## What the task asks
Give again, word for word, the lines below that run from the line with "Romantické obliečky s" through the line with "En paralelo, el". Drop the pictures.

## Recorded data

....................

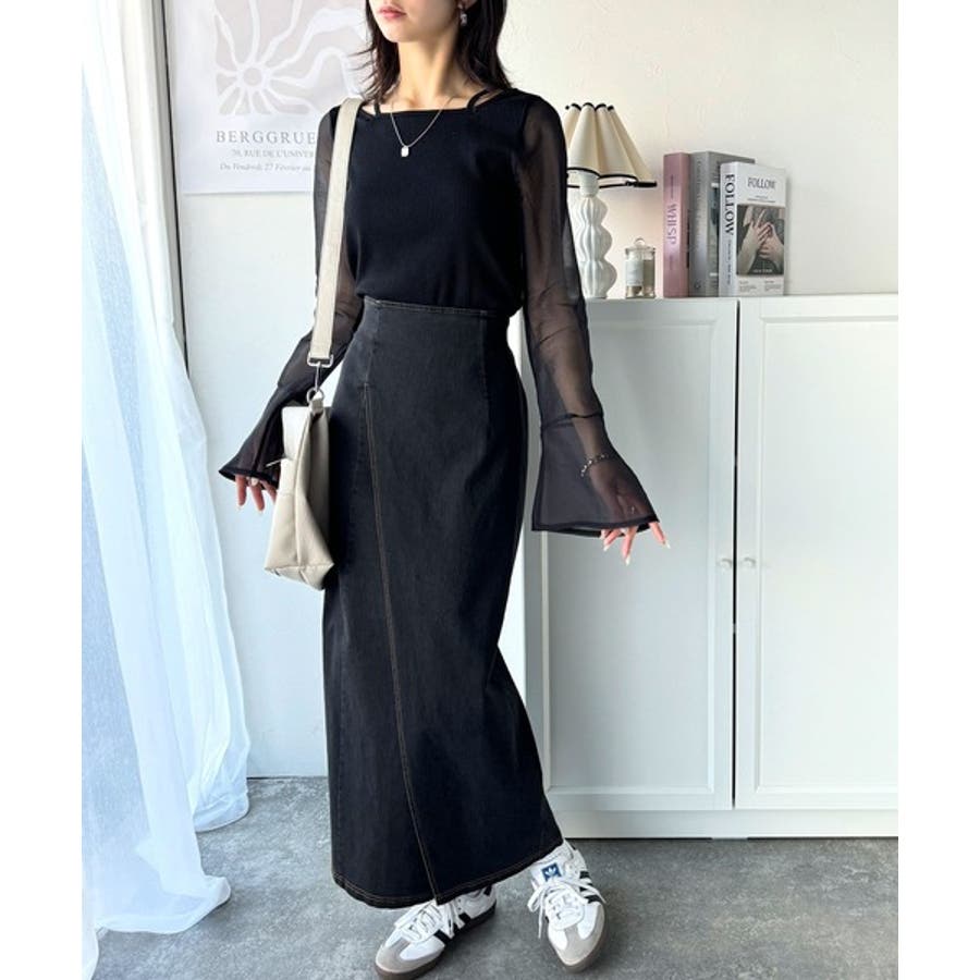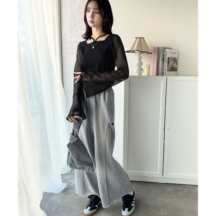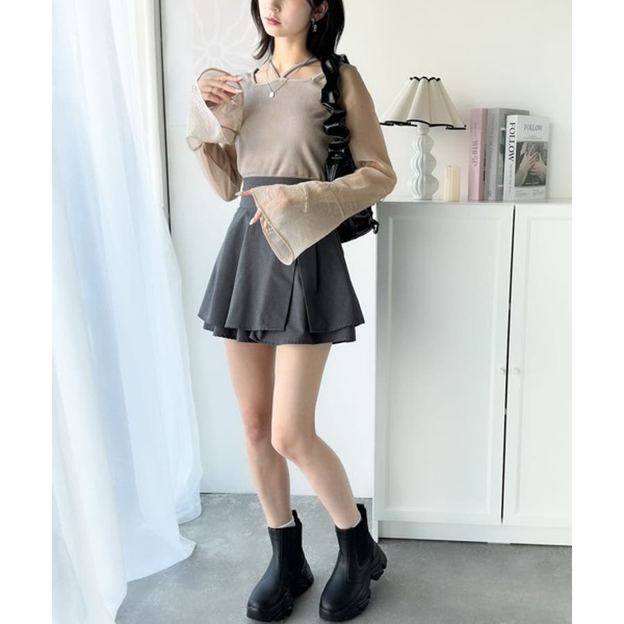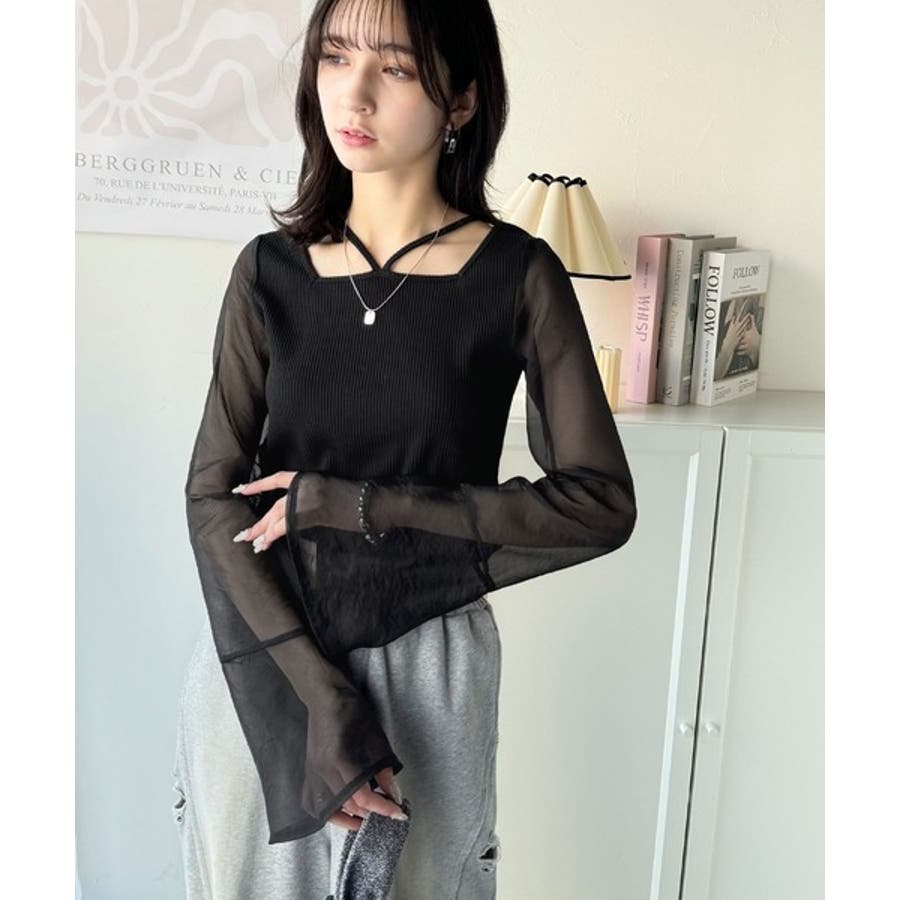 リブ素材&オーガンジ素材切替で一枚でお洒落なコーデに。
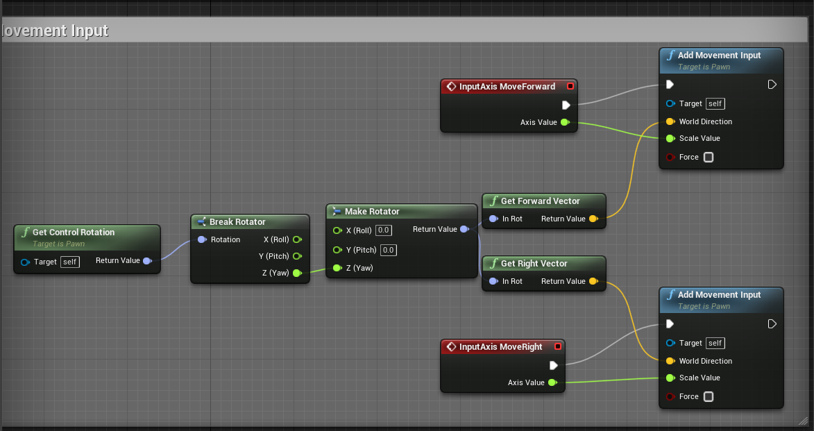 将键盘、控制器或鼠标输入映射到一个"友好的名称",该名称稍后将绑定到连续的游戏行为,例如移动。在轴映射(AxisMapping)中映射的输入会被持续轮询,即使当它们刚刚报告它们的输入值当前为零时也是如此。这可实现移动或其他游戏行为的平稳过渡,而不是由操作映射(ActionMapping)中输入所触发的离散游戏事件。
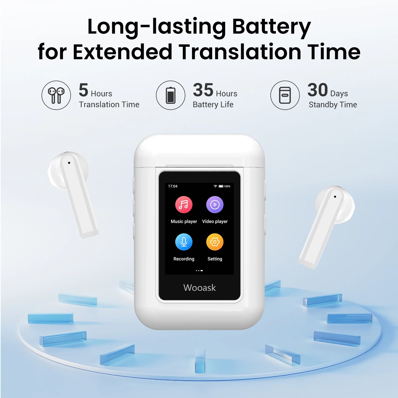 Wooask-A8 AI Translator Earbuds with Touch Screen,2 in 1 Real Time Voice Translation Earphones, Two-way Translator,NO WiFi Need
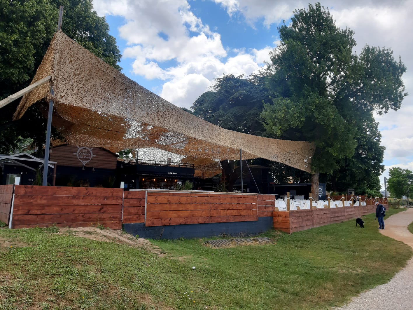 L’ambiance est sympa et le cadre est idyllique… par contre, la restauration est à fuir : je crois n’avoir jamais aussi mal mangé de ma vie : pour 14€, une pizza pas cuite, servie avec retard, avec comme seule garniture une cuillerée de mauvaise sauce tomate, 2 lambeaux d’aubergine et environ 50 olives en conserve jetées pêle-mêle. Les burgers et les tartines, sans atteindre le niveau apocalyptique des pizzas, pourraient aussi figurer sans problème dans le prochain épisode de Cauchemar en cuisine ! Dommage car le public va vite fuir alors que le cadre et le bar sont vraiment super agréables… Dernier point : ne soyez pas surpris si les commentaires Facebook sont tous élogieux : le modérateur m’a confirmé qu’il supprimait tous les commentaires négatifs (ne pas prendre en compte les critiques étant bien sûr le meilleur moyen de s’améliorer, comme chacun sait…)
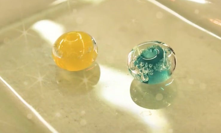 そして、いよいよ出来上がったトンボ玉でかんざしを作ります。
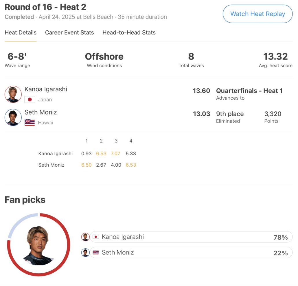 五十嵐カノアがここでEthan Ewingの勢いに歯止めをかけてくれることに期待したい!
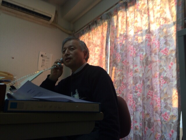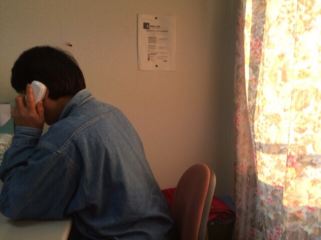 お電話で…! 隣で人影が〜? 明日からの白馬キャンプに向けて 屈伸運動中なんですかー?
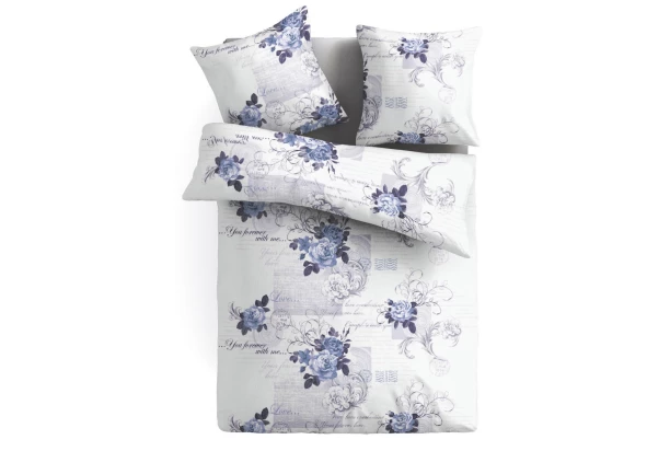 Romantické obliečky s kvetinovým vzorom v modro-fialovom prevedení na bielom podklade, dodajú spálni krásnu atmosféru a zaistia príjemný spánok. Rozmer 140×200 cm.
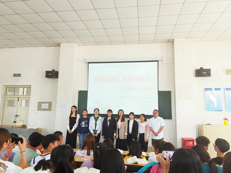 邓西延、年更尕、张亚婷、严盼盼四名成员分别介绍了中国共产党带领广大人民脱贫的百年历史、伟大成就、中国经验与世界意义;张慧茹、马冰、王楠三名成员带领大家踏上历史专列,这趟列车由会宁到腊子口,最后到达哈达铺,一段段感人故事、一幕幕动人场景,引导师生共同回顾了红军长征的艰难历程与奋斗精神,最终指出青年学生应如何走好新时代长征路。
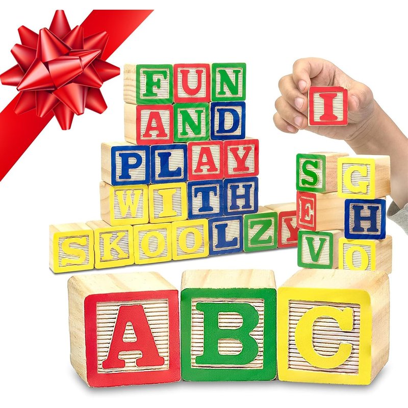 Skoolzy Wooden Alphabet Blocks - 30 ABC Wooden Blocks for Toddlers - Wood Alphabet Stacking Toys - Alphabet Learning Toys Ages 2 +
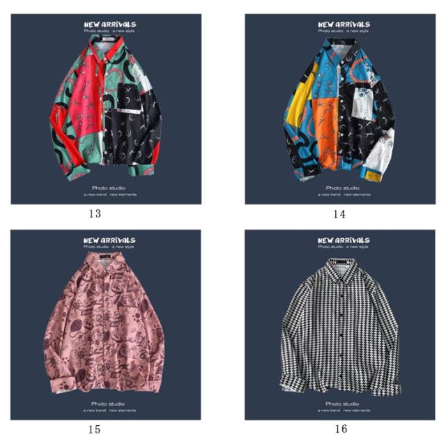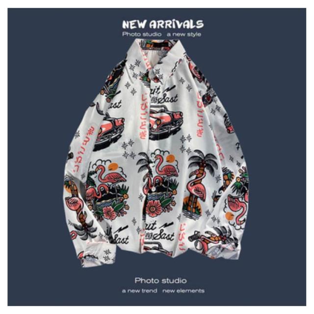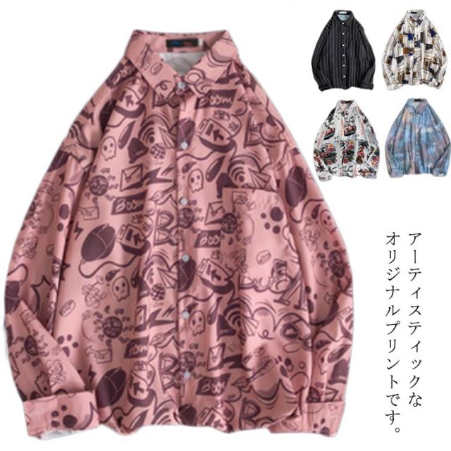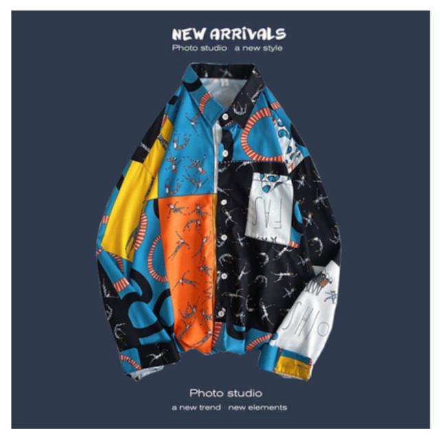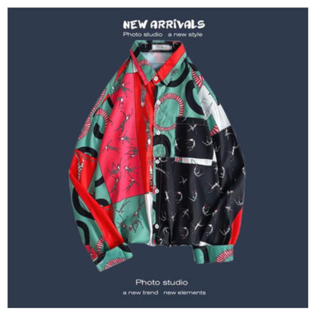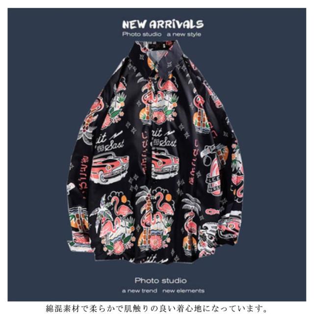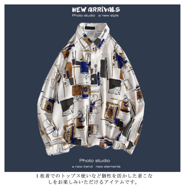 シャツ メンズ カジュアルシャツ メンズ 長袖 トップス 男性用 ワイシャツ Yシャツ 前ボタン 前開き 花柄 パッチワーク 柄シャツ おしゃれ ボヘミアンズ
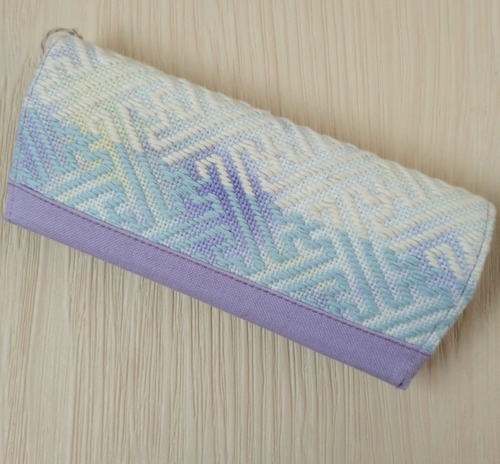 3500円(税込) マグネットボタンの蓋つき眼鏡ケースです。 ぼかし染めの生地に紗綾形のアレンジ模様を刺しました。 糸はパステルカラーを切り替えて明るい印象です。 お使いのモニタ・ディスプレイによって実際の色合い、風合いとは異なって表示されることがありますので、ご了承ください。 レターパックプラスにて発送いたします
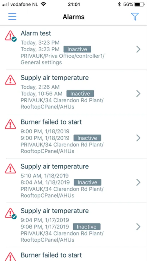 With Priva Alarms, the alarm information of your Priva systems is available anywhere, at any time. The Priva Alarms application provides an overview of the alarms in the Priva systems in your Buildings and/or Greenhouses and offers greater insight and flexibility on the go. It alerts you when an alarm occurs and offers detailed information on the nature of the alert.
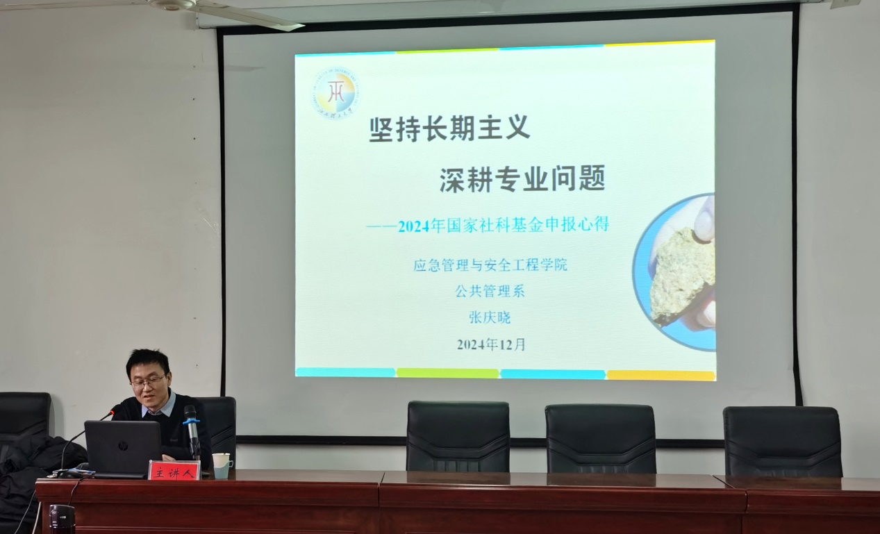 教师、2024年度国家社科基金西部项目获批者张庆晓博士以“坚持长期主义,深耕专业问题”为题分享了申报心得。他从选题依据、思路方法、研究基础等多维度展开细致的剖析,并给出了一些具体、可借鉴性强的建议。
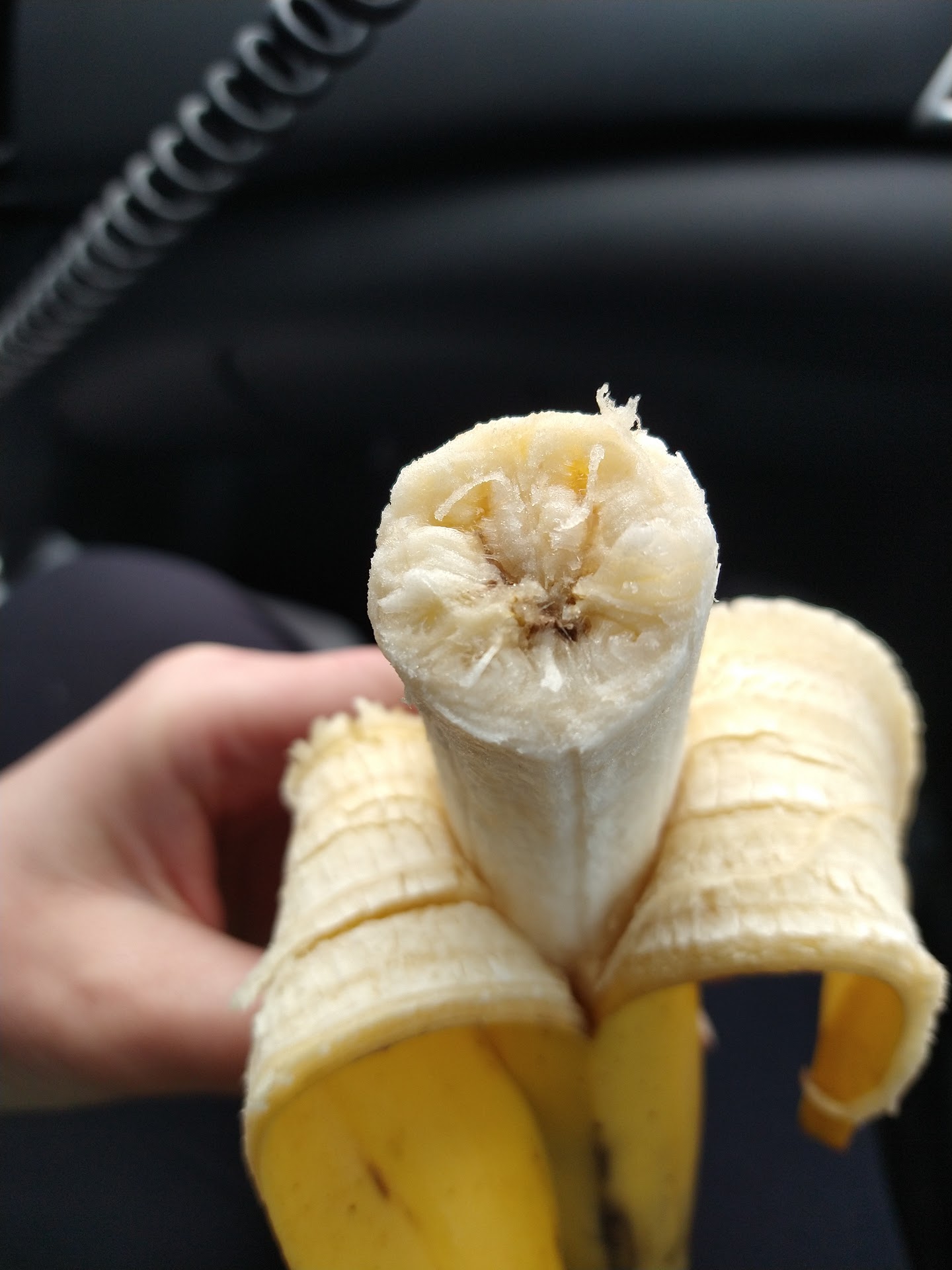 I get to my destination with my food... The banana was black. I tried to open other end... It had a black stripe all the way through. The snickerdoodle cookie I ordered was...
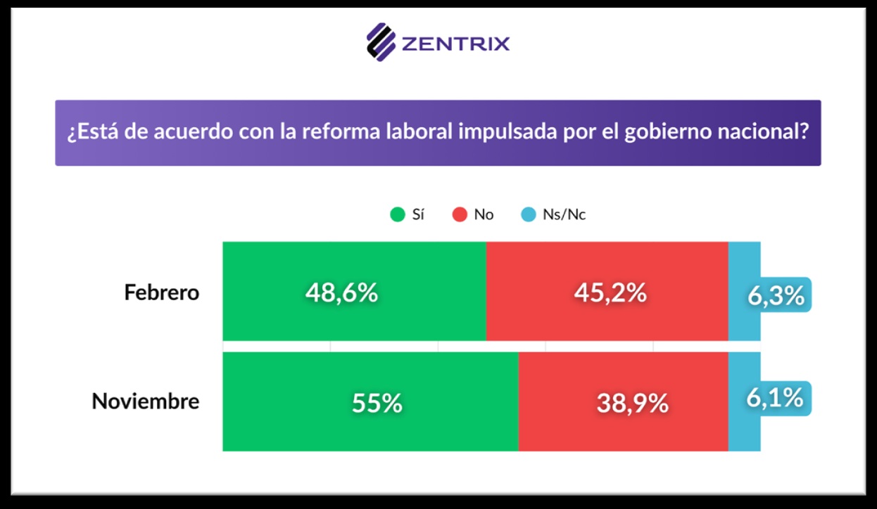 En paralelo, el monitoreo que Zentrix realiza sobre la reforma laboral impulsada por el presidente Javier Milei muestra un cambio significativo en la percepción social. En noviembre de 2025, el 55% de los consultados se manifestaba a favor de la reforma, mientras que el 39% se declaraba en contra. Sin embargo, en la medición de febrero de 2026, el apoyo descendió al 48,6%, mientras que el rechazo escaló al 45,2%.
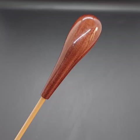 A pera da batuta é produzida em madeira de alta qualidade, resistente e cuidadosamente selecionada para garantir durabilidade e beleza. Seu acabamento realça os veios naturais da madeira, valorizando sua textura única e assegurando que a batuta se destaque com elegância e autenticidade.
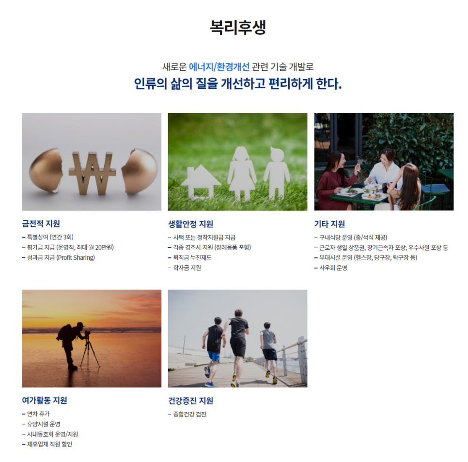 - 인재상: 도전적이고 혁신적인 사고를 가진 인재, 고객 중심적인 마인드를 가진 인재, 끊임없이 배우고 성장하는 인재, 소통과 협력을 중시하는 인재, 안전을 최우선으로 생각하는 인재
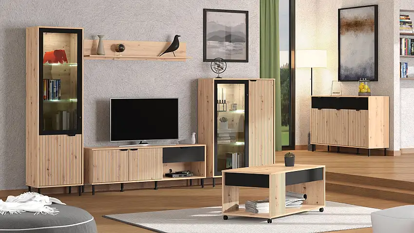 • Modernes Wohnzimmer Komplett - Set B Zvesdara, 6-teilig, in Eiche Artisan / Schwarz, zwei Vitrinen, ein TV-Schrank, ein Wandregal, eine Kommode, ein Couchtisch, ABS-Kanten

....................

## Solution to the exercise
 Romantické obliečky s kvetinovým vzorom v modro-fialovom prevedení na bielom podklade, dodajú spálni krásnu atmosféru a zaistia príjemný spánok. Rozmer 140×200 cm.
 邓西延、年更尕、张亚婷、严盼盼四名成员分别介绍了中国共产党带领广大人民脱贫的百年历史、伟大成就、中国经验与世界意义;张慧茹、马冰、王楠三名成员带领大家踏上历史专列,这趟列车由会宁到腊子口,最后到达哈达铺,一段段感人故事、一幕幕动人场景,引导师生共同回顾了红军长征的艰难历程与奋斗精神,最终指出青年学生应如何走好新时代长征路。
 Skoolzy Wooden Alphabet Blocks - 30 ABC Wooden Blocks for Toddlers - Wood Alphabet Stacking Toys - Alphabet Learning Toys Ages 2 +
 シャツ メンズ カジュアルシャツ メンズ 長袖 トップス 男性用 ワイシャツ Yシャツ 前ボタン 前開き 花柄 パッチワーク 柄シャツ おしゃれ ボヘミアンズ
 3500円(税込) マグネットボタンの蓋つき眼鏡ケースです。 ぼかし染めの生地に紗綾形のアレンジ模様を刺しました。 糸はパステルカラーを切り替えて明るい印象です。 お使いのモニタ・ディスプレイによって実際の色合い、風合いとは異なって表示されることがありますので、ご了承ください。 レターパックプラスにて発送いたします
 With Priva Alarms, the alarm information of your Priva systems is available anywhere, at any time. The Priva Alarms application provides an overview of the alarms in the Priva systems in your Buildings and/or Greenhouses and offers greater insight and flexibility on the go. It alerts you when an alarm occurs and offers detailed information on the nature of the alert.
 教师、2024年度国家社科基金西部项目获批者张庆晓博士以“坚持长期主义,深耕专业问题”为题分享了申报心得。他从选题依据、思路方法、研究基础等多维度展开细致的剖析,并给出了一些具体、可借鉴性强的建议。
 I get to my destination with my food... The banana was black. I tried to open other end... It had a black stripe all the way through. The snickerdoodle cookie I ordered was...
 En paralelo, el monitoreo que Zentrix realiza sobre la reforma laboral impulsada por el presidente Javier Milei muestra un cambio significativo en la percepción social. En noviembre de 2025, el 55% de los consultados se manifestaba a favor de la reforma, mientras que el 39% se declaraba en contra. Sin embargo, en la medición de febrero de 2026, el apoyo descendió al 48,6%, mientras que el rechazo escaló al 45,2%.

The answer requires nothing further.